Surviving Due Diligence: 10 Tips for Advisors
The due diligence process can be a daunting, however necessary, task. Here’s how to get through it efficiently.
It’s quite evident that the industry landscape has expanded dramatically—and an advisor in exploration mode has more to consider than ever before. As a result, it may be a daunting task for most to face the prospect of performing due diligence. Nonetheless, there is value in periodically exploring to gain an understanding of the legitimate options that exist—whether you’re thinking of moving or not.
However, the value you receive from the exercise exists only so long as the process is strategic, efficient and isn’t allowed to overwhelm. Based on my experience of having helped advisors navigate through this journey many times over, these 10 steps have served as a practical guide to “surviving” the due diligence process.
- Develop a strategy for exploring.
It’s essential to start with a solid understanding of the landscape. What options will you consider and what is the timeline? How much time and effort are you willing to devote to this exercise?
- Create a list of what you are looking to solve for.
What are your drivers—both frustrations and goals? Separate the “must haves” from the “wish list.” Don’t leap into identifying solutions or problem solving until you have developed a priority list.

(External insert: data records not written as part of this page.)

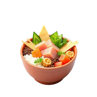 A poke bowl is a fast-casual restaurant dish featuring cubed raw fish like tuna or salmon mixed with rice, vegetables, and sauces.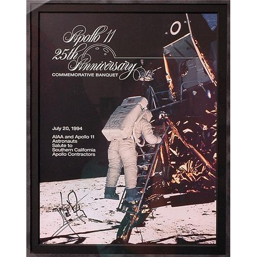 <Our item number 138582><B>Apollo 11, 1994, Neil Armstrong Autograph.</B> Signed on the multi-colored cover of the Apollo 11, 25th Anniversary Banquet Program. Held in Los Angeles near Universal Studios, Armstrong was unable to attend due to flight delays (mechanical and weather). The consignor was asked at the last minute to step in and MC the event. This writer was in attendance and can tell you, from personal experience, that the banquet hall was packed and a great time was had by all. Jose Jimenez paid a visit, ably assisted by Wally Schirra playing the straight man. Somehow, after the first few minutes, nobody noticed Armstrong's absence.<BR><BR>The cover is professionally double matted against black matting and grey suede (17.5x20"). Copies of Armstrong's letter to the organizing committee, and the Committee's letter to the consignor thanking him for stepping in and sending him the enclosed cover as their thank you, are included. Selected guests received a small lunar roc k replica (offered in separate lots in this sale, see lots 117 & 118) as a "Thank You" from the Committee also. A great piece of memorabilia. <BR>Estimated Value $750 - 1,000. <I><BR>Ex. The comedian Bill Dana/Jose Jimenez collection.</I> <BR><BR>Our item number 138582<BR><IMAGES><P ALIGN="CENTER"><IMG SRC="http://www.goldbergcoins.net/liveauction/49jpegs/138582.jpg"> </P></IMAGES>
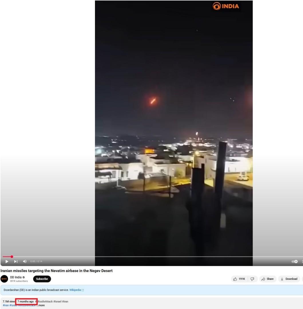ونشرت الفيديو وسائل إعلام عدّة، عربيّة وأجنبيّة، أشارت إلى أنّه يُظهر قصفاً إيرانياً على إسرائيل في الأوّل من تشرين الأول/أكتوبر 2024. (أرشيف 1 - 2 - 3 ).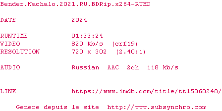 Telechargez le RSS « Fichier de la release Bender.Nachalo.2021.RU.BDRip.x264-RUHD »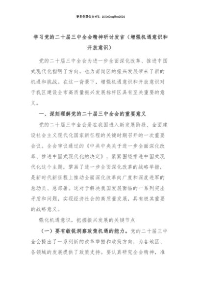 【七哥公文】2024年:学习党的二十届三中全会精神研讨发言(增强机遇意识和开放意识)+更多免费公文+VX:QiGeGongWen2024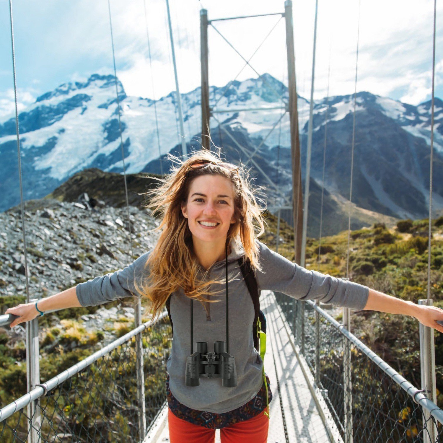 **Portable and Powerful Binocular*:Features Full 60 x magnification for bringing object 60 times closer; 50mm-diameter object lens for allowing more light to come through(more clear; even low light condition); 18mm-diameter eye lens for larger observation range and comfortable view. Owning a compact portable size with a rugged ABS exterior for comfortable grip and durable use.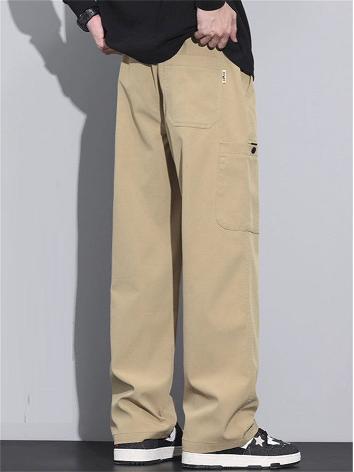 Daily Wear Casual Elastic Waist Loose Fit Straight Leg Pants for Men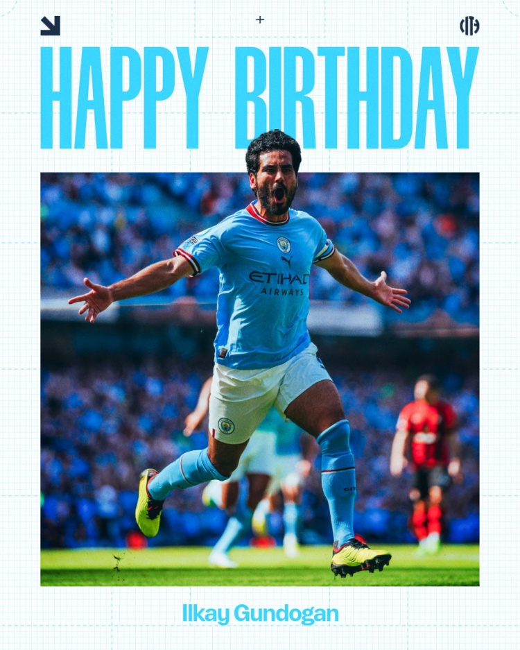 足球比分网10月24日讯 今天是京多安的35岁生日,老东家曼城为他送上祝福。 曼城官方社媒晒出京多安的生日海报,配文:“生日快乐,伊尔凯。” 京多安效力曼城期间出战358场比赛,...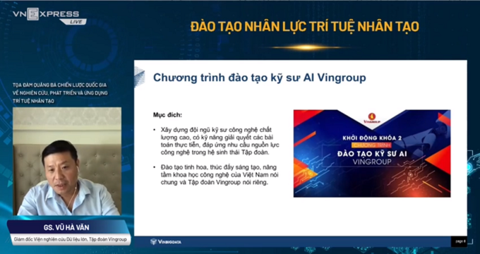 Bắt nguồn từ những bài toán kể trên, Giám đốc Khoa học VinBigdata nhấn mạnh vai trò của doanh nghiệp trong việc phát triển và đào tạo nguồn nhân lực AI, cũng như Khoa học dữ liệu. GS. Vũ Hà Văn lấy ví dụ Chương trình Đào tạo Kỹ sư AI Vingroup là một trong những giải pháp cụ thể mà VinBigdata (thuộc tập đoàn Vingroup) đang triển khai thực hiện. Mục tiêu của chương trình là xây dựng đội ngũ kỹ sư công nghệ chất lượng cao, có kỹ năng giải quyết các bài toán thực tiễn, đáp ứng nhu cầu nguồn lực công nghệ trong hệ sinh thái Tập đoàn nói riêng và là tinh hoa thúc đẩy sáng tạo, nâng tầm khoa học công nghệ của Việt Nam nói chung.

And revisit this list frequently, solutions aside, and modify as appropriate.
- View everything from your clients’ perspectives.

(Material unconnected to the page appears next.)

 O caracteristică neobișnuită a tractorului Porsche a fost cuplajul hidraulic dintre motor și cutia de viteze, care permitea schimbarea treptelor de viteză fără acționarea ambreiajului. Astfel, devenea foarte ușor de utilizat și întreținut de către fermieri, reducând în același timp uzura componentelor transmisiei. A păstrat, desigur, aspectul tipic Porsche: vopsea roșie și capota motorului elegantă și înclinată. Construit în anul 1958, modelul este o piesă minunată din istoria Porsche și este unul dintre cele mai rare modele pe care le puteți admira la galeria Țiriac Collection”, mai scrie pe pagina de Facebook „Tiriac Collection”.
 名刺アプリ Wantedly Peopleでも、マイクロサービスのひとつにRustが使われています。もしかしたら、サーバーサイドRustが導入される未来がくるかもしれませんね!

What’s in it for them? Think about the message you will deliver to them citing the benefits they will see.
- Evaluate your business.
What clients will follow you? Who would you prefer to leave behind? Assess what you need to replicate your current business and identify what may be hard to move or require special considerations.

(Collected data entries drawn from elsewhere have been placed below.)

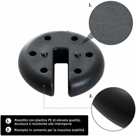 Questa base per gazebo Outsunny con set da 4 pezzi evita che il tuo gazebo venga portato via dal vento. Ideale per gazebo con tubi quadrati di misura da 20×20 mm a 30×30 mm. Realizzato in plastica PE e cemento, è molto resistente e durevole. Dal design compatto, facile da trasportare riporre.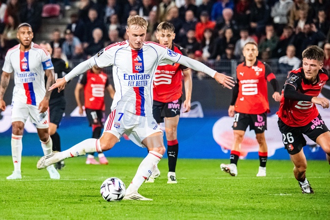 Adam Karabec (OL) - Match de Ligue 1 McDonald's "Rennes - Lyon (3-1)" au Roazhon Park, le 14 septembre 2025. McDonald's Ligue 1 match "Rennes - Lyon (3-1)" at Roazhon Park, September 14, 2025.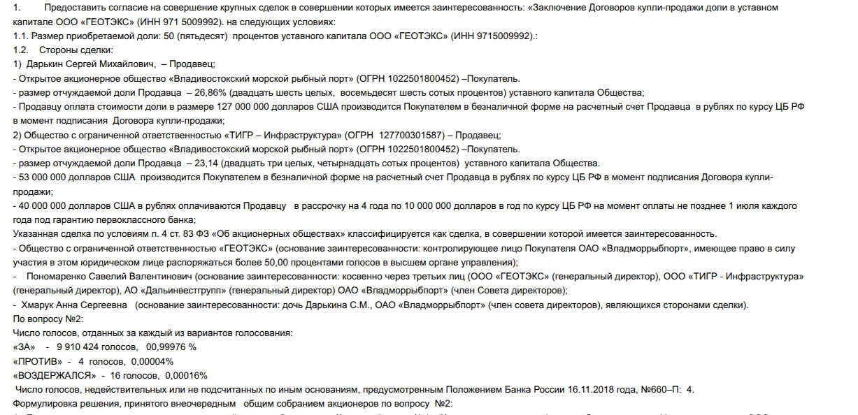 Кстати, несмотря на принятое решение о выкупе дарькинских долей, в ООО «ГЕОТЭКС» собственники не сменились и по сей день. Возможно, причина в том, что в арбитраже Приморья на сегодня слушается иск миноритария порта - некоего Владимира Турундаева. Он как раз таки оспаривает решения совета директоров, где были приняты выкупные решения. Заседание назначено на 5 февраля.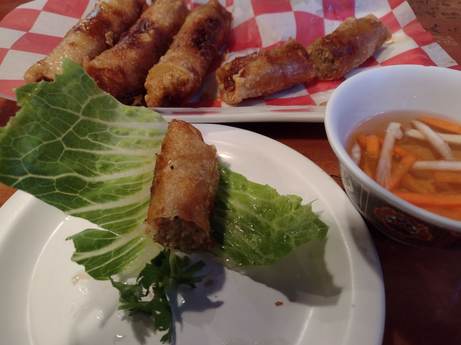 Read moreTweeks Road Trip Food Review: The Roots Vietnamese Restaurant and Coffee Shop is a trendy little mellenial Vietnamese joint that feature my favorite fried spring rolls (I don't know why they call them egg rolls.. bc they have no egg in the rice paper wrapping). This style of fried roll is like nothing you've had before, and eaten with lettuce, cilantro and nuoc mam (aka dipping sauce or prepared fish sauce ).. there is nothing like it anywhere else. Only like 1 out of 20 Vietnamese joints even have this style -- fried dark, crispy with a blistered/bubbly surface.. a MUST try. Be sure to cut them in half before dressing them up and dipping. Each piece is (traditionally) wrapped in a piece of lettuce, given a dip of sauce, a pice of cilantro poked into it, and an optional dab of Sriracha on each bite.. and is is pure heaven. This dish alone is why I gave five stars, as it is on of my favorite traditional Vietnamese sides. That being said, they did not have many other authentic, old Vietnamese selections like fish in n a clay pot or chicken lemongrass.. but this "boomer" will cut them some slack, as millennials. ;)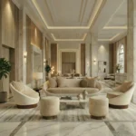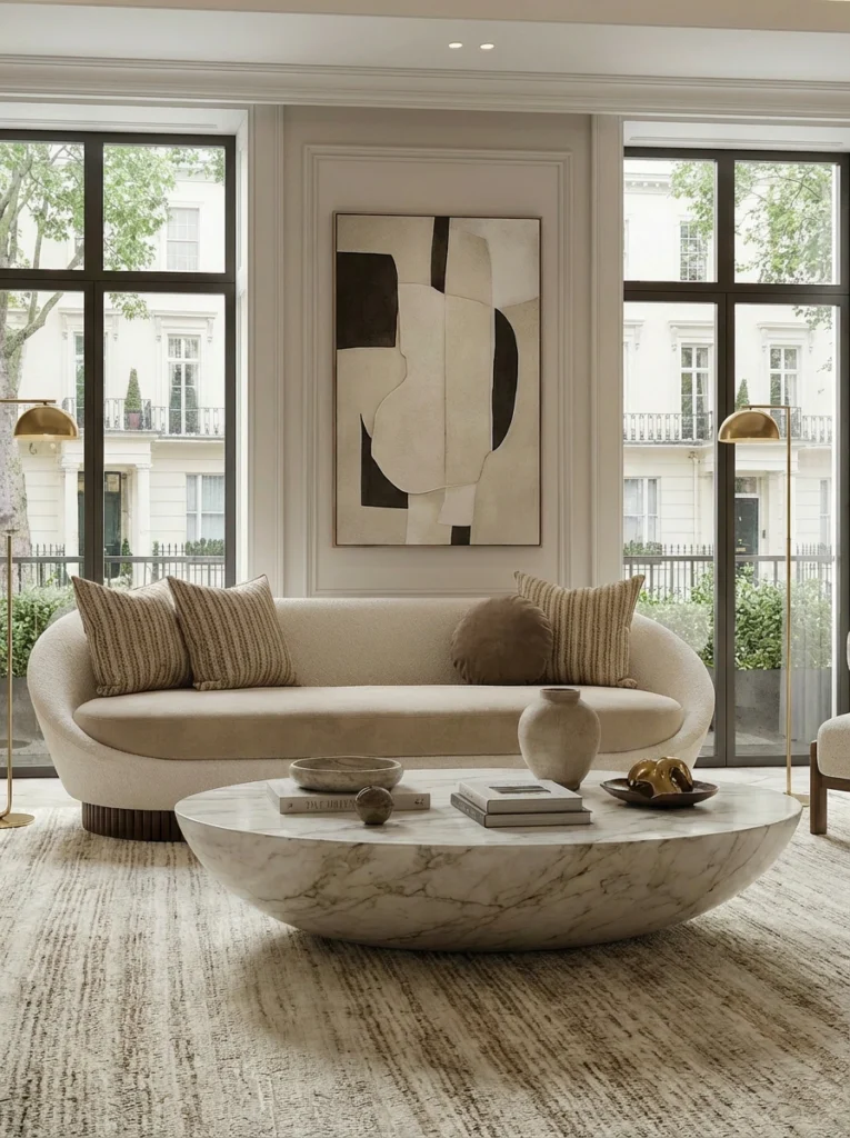 For a cohesive vignette, pair Anki with Roland Side Table. Its marble top with a fluted wood base mirrors Anki’s material language, while the round plan echoes the sofa’s curvature for a serene, textural dialogue.

- If in a partnership, make sure everyone is on board with the plan.
Identify what goals are specific to each partner – such as retirement – and determine if they can be aligned with those of the rest of the team. How will decisions be made and what happens if there isn’t a consensus?
- Get – and stay – organized.
Develop a process for keeping track of open items, questions, and who is responsible for follow-up. Is it better to take a “divide and conquer” approach or must every partner participate in everything as a team effort?
- Keep your circle close.
Limit who knows of your plans. Avoid openly discussing your thoughts and actions outside this circle.
- Maintain the status quo.
Don’t alter behavior such as printing reports, sending material to clients, absences from the office. Avoid any actions or attitudes that are uncharacteristic.
- Speak with an attorney.
Legal advice is a vital step to understanding and remaining in compliance with Protocol and/or employment agreements and new or potential regulatory requirements (such as Reg. BI). Review your compliance history—as this can impact and possibly complicate a move.
- Keep your current firm at the top of the list of possible choices.
Everything else you evaluate must be compared to what you already have—and be “better enough” to justify the hassle of a move.
Keep in mind that the goal of the due diligence process should be to find clarity that will allow you to make an informed decision. Ultimately, you’ll walk away – at the very least – with an enhanced understanding of the evolved landscape in which you’re working. While you may start out considering a move, the end result may be that you stay put. The bonus is that you can move forward with a renewed commitment and a newly acquired position of strength.